**Task details:**
Give back the whole listing verbatim, printing none of its pictures.

**Provided data:**
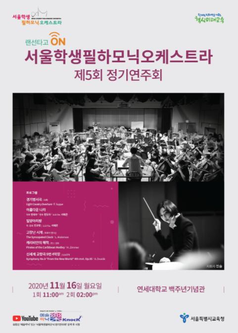 [한국4차산업신문] 서울특별시교육청은 11월 16일(월) 연세대학교 백주년 기념관에서 제5회 서울학생필하모닉오케스트라 정기연주회를 실시간 온라인으로 진행한다. 이번 정기연주회는 코로나19 예방을 위하여 2회(오전 11시, 오후 2시)로 나누어 비대면으로 실시하며, 창의예술교육기부팀 유튜브 공식 채널 ‘예술락樂낙knock’에서 랜선 공연으로 동시 진행된다.
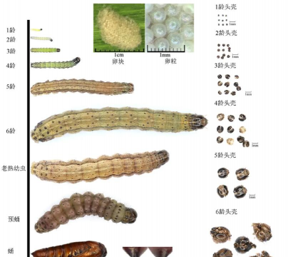 草地贪夜蛾是夜蛾科灰翅夜蛾属的一种蛾。成虫在夜间活动,在植物叶子顶部产约100粒卵,卵阶段是在25℃的温度下持续3天。新孵出的幼虫以卵壳本身为食,然后静置2-10小时。幼虫即毛毛虫更喜欢以新叶为食,由于它们的食性习惯,通常会各自找到一片新叶。
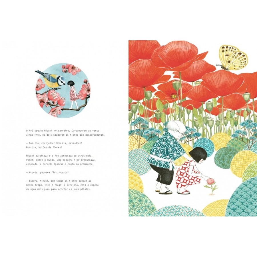 Miyuki está impaciente: é o primeiro dia de primavera! Tem pressa de ir ao jardim, onde tudo floresce. Tudo menos uma pequena flor, ainda em botão. Miyuki, ansiosa por despertá-la, parte numa aventura em busca da água mais pura. O avô diz-lhe: "Espera!", mas Miyuki só consegue pensar na sua flor que não desabrocha...
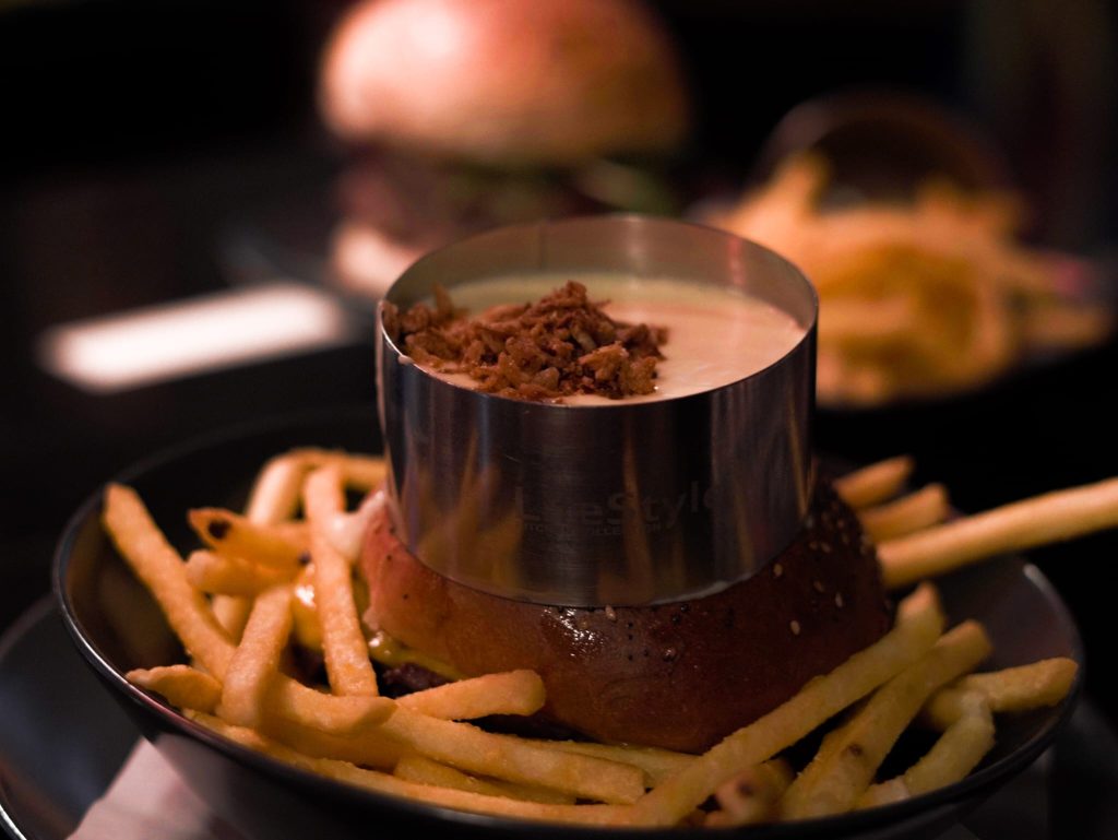 200 grs. de Carne, Queso Gouda, Bacon, Cebolla a la Plancha, Rúcula, Coronada con Un Aro de Cebolla y Flameada con Whisky Jack Daniel´s Honey

**Finished task:**
 [한국4차산업신문] 서울특별시교육청은 11월 16일(월) 연세대학교 백주년 기념관에서 제5회 서울학생필하모닉오케스트라 정기연주회를 실시간 온라인으로 진행한다. 이번 정기연주회는 코로나19 예방을 위하여 2회(오전 11시, 오후 2시)로 나누어 비대면으로 실시하며, 창의예술교육기부팀 유튜브 공식 채널 ‘예술락樂낙knock’에서 랜선 공연으로 동시 진행된다.
 草地贪夜蛾是夜蛾科灰翅夜蛾属的一种蛾。成虫在夜间活动,在植物叶子顶部产约100粒卵,卵阶段是在25℃的温度下持续3天。新孵出的幼虫以卵壳本身为食,然后静置2-10小时。幼虫即毛毛虫更喜欢以新叶为食,由于它们的食性习惯,通常会各自找到一片新叶。
 Miyuki está impaciente: é o primeiro dia de primavera! Tem pressa de ir ao jardim, onde tudo floresce. Tudo menos uma pequena flor, ainda em botão. Miyuki, ansiosa por despertá-la, parte numa aventura em busca da água mais pura. O avô diz-lhe: "Espera!", mas Miyuki só consegue pensar na sua flor que não desabrocha...
 200 grs. de Carne, Queso Gouda, Bacon, Cebolla a la Plancha, Rúcula, Coronada con Un Aro de Cebolla y Flameada con Whisky Jack Daniel´s Honey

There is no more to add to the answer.